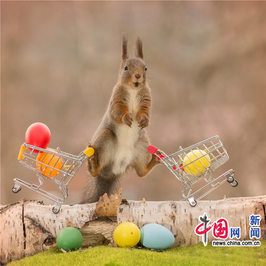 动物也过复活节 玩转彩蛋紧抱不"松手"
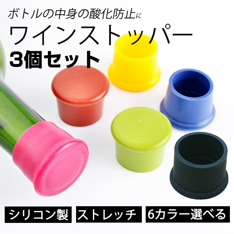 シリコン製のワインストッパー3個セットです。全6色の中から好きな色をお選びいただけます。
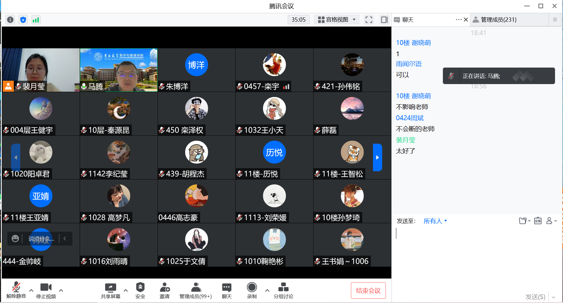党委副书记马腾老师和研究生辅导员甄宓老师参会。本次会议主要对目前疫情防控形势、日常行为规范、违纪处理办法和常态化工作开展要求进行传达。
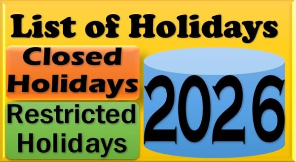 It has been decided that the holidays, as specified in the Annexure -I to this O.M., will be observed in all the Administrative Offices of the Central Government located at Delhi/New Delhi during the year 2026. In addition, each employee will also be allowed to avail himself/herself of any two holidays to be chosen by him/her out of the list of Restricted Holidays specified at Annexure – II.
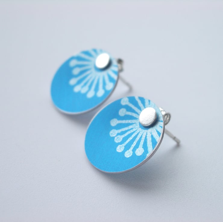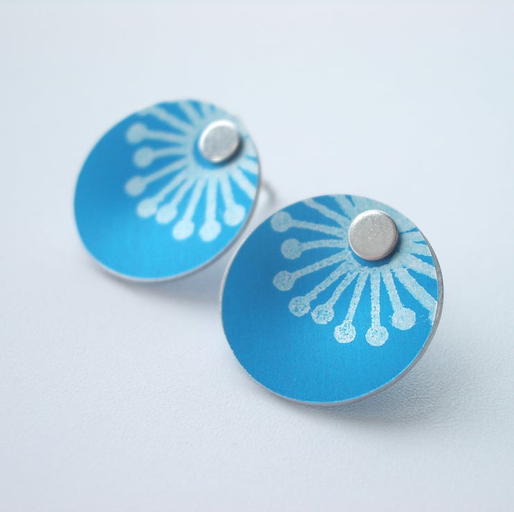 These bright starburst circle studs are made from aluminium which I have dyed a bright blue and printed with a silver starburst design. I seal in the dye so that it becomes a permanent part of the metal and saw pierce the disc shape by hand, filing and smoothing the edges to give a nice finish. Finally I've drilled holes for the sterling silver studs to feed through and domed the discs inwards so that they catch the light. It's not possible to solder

=====

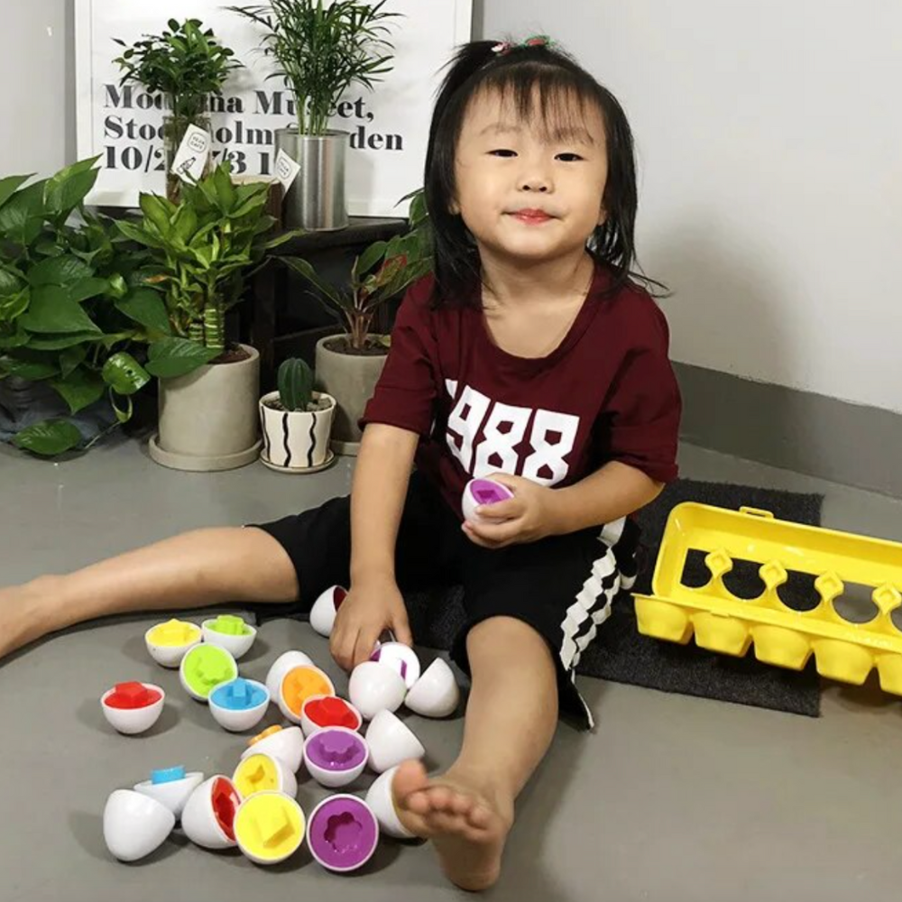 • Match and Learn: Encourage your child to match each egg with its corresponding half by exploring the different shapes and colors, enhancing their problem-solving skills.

=====

## Problem
The answer must be the lines above from the one containing "It has been" through the one containing "These bright starburst", reproduced exactly, with no pictures and nothing else.

## Written response
 It has been decided that the holidays, as specified in the Annexure -I to this O.M., will be observed in all the Administrative Offices of the Central Government located at Delhi/New Delhi during the year 2026. In addition, each employee will also be allowed to avail himself/herself of any two holidays to be chosen by him/her out of the list of Restricted Holidays specified at Annexure – II.
 These bright starburst circle studs are made from aluminium which I have dyed a bright blue and printed with a silver starburst design. I seal in the dye so that it becomes a permanent part of the metal and saw pierce the disc shape by hand, filing and smoothing the edges to give a nice finish. Finally I've drilled holes for the sterling silver studs to feed through and domed the discs inwards so that they catch the light. It's not possible to solder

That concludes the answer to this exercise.